◆ Required action
Pictures are to be dropped. Everything else in the listing gets copied exactly.

◆ Provided material
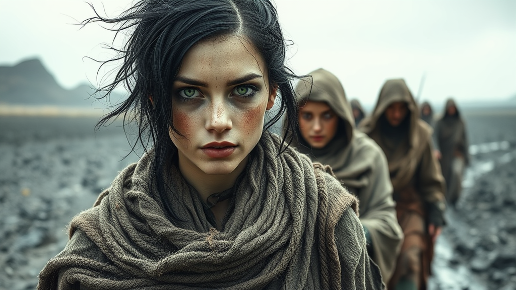 A woman with raven-black hair and vivid green eyes, her face smeared with earth, clad in tattered rags, has broken free from the chains of a haunting dungeon. She now traverses a desolate, grey wasteland alongside others draped in similar threadbare attire. Their eyes, hollow and sunken, tell tales of suffering, reminiscent of the Hillmen of Dunland from Tolkien's epics. The wasteland stretches endlessly, a bleak testament to their shared struggle for survival.
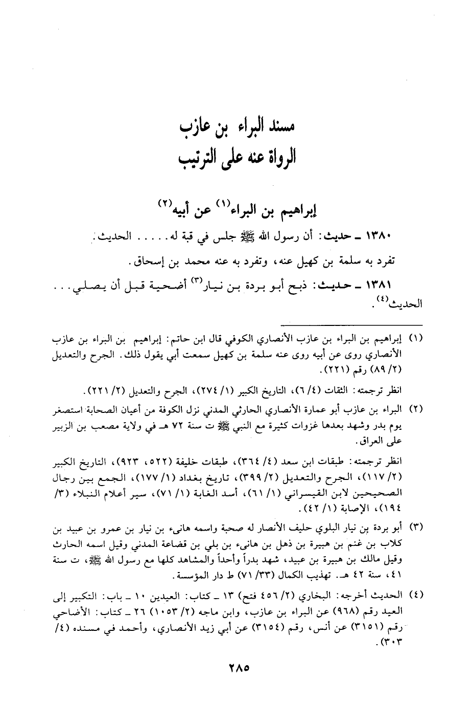 مُسْند الْبَراء بن عَازِب الروَاة عَنهُ على التَّرْتِيب
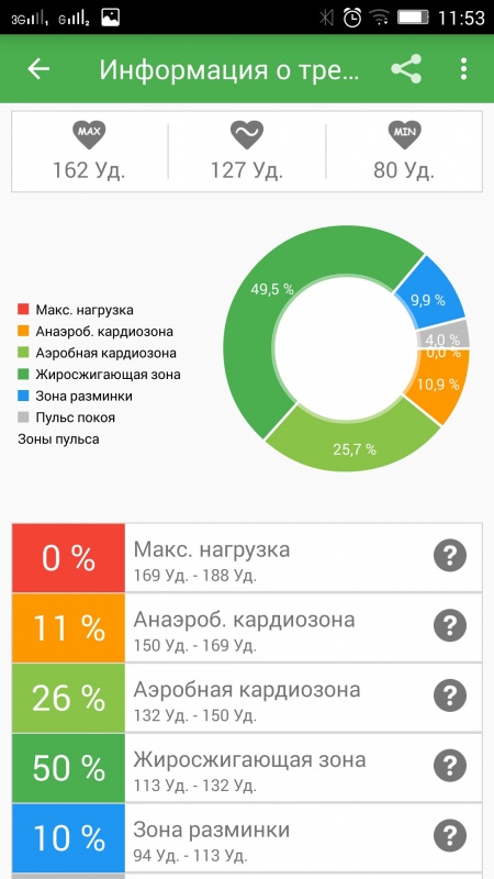 Моя зона жиросжигания 113уд.-132уд., показание пульса на
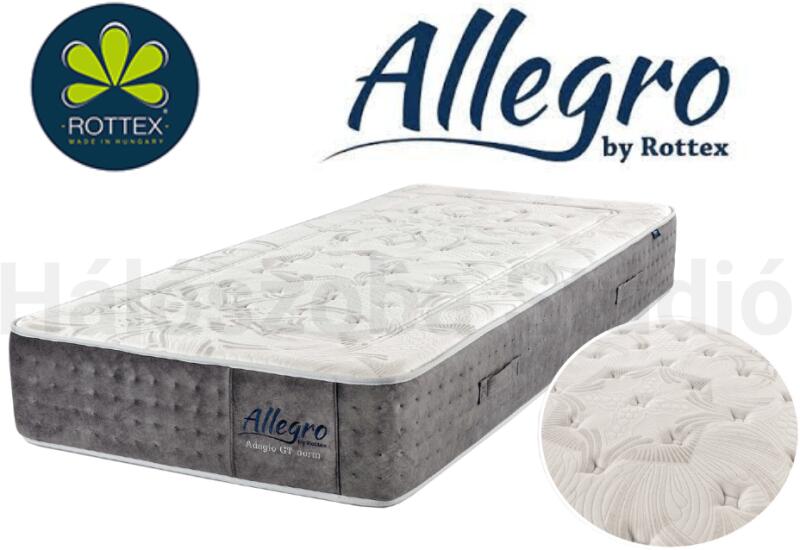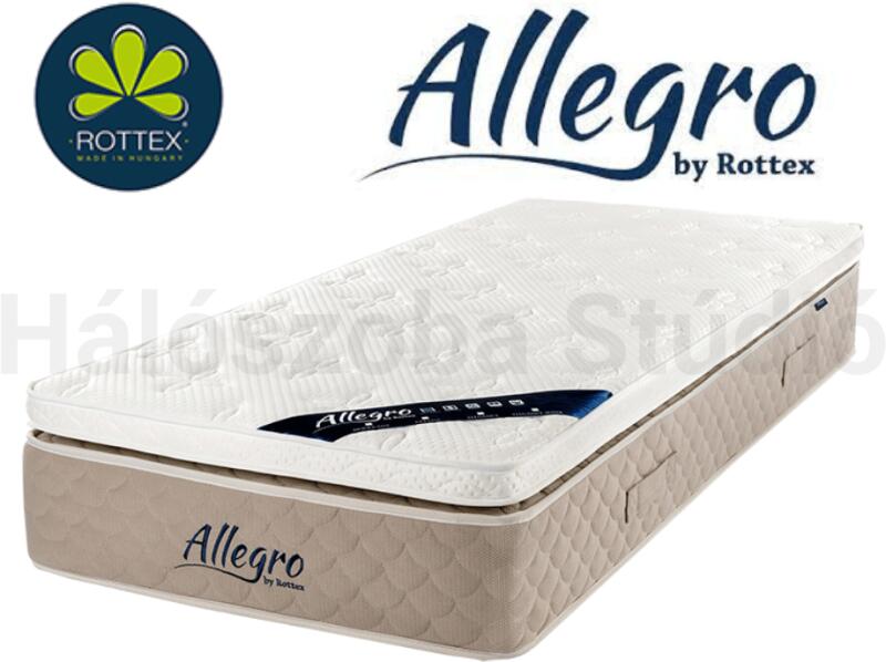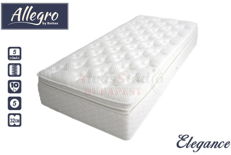 A Rottex Allegro Elegance egy 32 cm magas, közepesen kemény, 5 zónás táskarugós matrac, hideghab kényelmi réteggel. Az Allegro Moderato táskarugós matrac a kivételes luxust és a páratlan kényelmet jelenti. Mindkét oldalán top pillow párnázó réteg található, mely komfortot kölcsönöz a matracnak, miközben az 5 zónás zsákrugó rendszer stabilitás, alátámasztást nyújt

◆ Reply to the exercise
 A woman with raven-black hair and vivid green eyes, her face smeared with earth, clad in tattered rags, has broken free from the chains of a haunting dungeon. She now traverses a desolate, grey wasteland alongside others draped in similar threadbare attire. Their eyes, hollow and sunken, tell tales of suffering, reminiscent of the Hillmen of Dunland from Tolkien's epics. The wasteland stretches endlessly, a bleak testament to their shared struggle for survival.
 مُسْند الْبَراء بن عَازِب الروَاة عَنهُ على التَّرْتِيب
 Моя зона жиросжигания 113уд.-132уд., показание пульса на
 A Rottex Allegro Elegance egy 32 cm magas, közepesen kemény, 5 zónás táskarugós matrac, hideghab kényelmi réteggel. Az Allegro Moderato táskarugós matrac a kivételes luxust és a páratlan kényelmet jelenti. Mindkét oldalán top pillow párnázó réteg található, mely komfortot kölcsönöz a matracnak, miközben az 5 zónás zsákrugó rendszer stabilitás, alátámasztást nyújt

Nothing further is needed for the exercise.